## DATA EXCERPT
═══

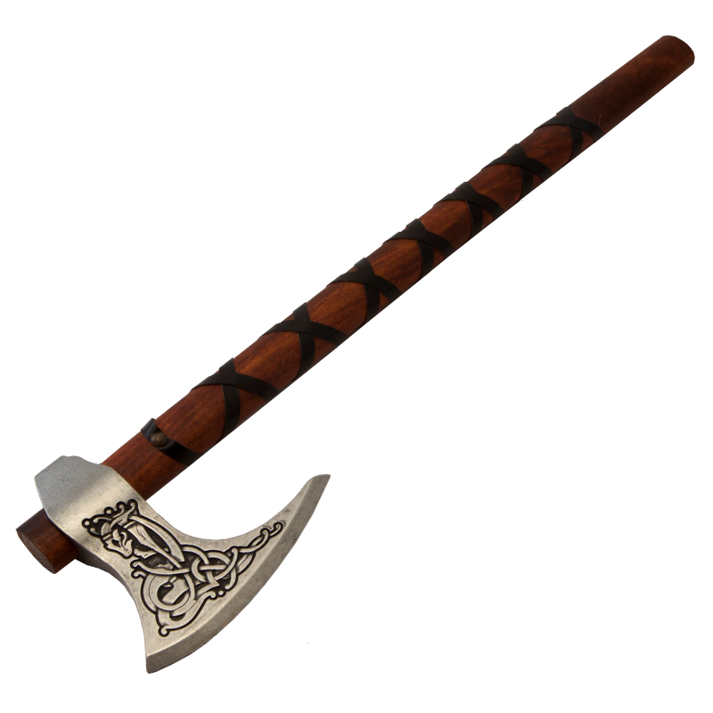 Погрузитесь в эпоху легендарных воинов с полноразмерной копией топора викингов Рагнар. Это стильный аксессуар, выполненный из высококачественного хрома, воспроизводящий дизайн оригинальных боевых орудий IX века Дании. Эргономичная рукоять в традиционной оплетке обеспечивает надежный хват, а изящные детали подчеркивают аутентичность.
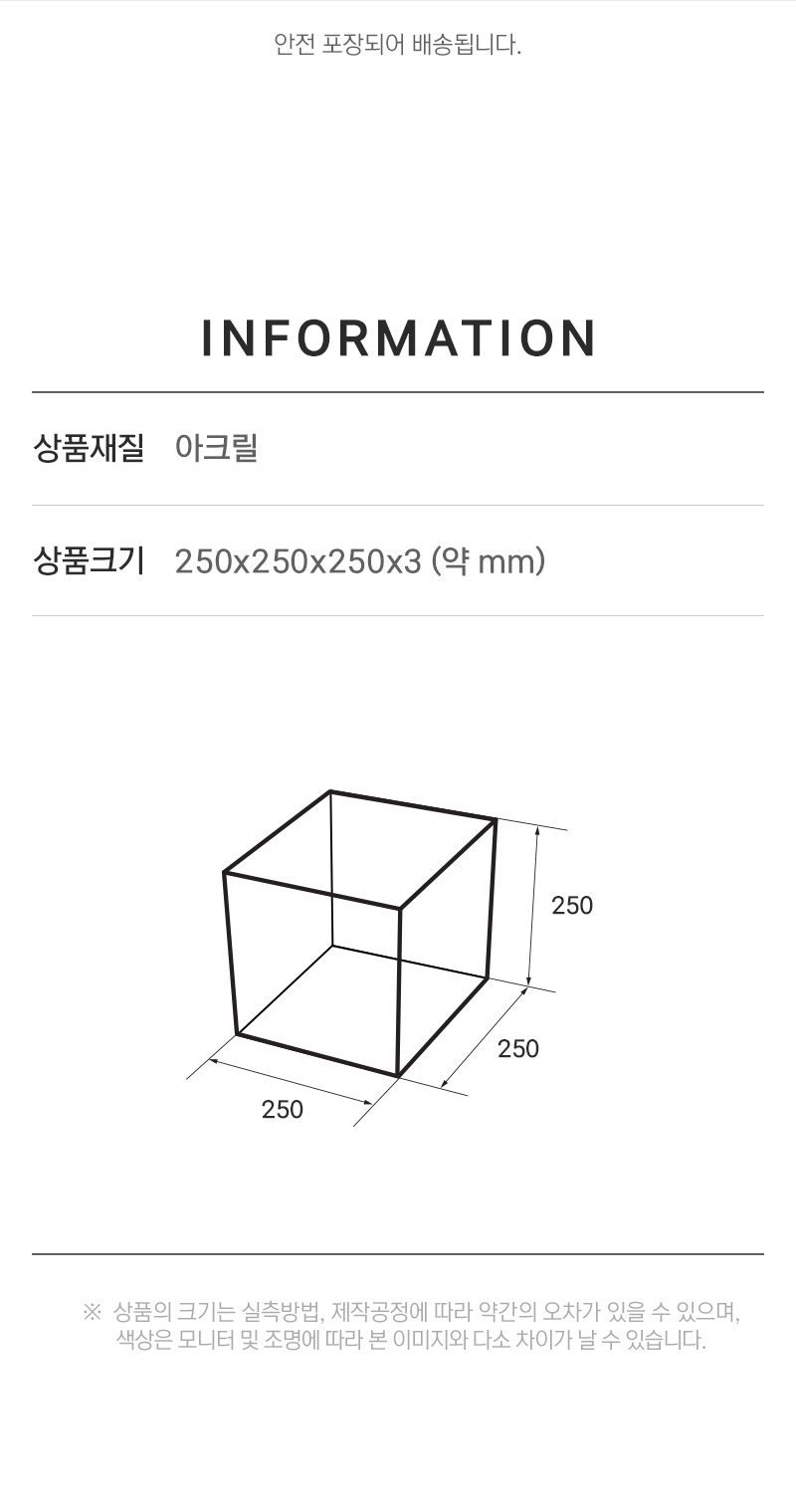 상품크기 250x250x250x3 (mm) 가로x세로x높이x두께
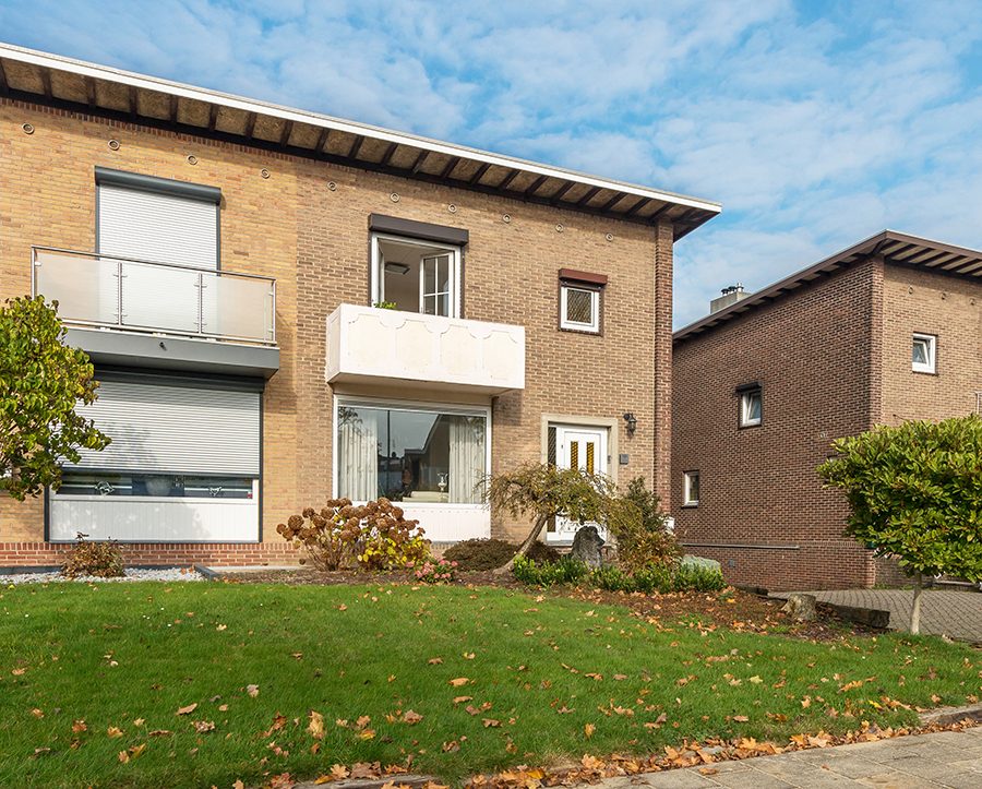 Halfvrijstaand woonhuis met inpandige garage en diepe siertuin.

═══

Would you return the data above exactly as written, minus the images?

 Погрузитесь в эпоху легендарных воинов с полноразмерной копией топора викингов Рагнар. Это стильный аксессуар, выполненный из высококачественного хрома, воспроизводящий дизайн оригинальных боевых орудий IX века Дании. Эргономичная рукоять в традиционной оплетке обеспечивает надежный хват, а изящные детали подчеркивают аутентичность.
 상품크기 250x250x250x3 (mm) 가로x세로x높이x두께
 Halfvrijstaand woonhuis met inpandige garage en diepe siertuin.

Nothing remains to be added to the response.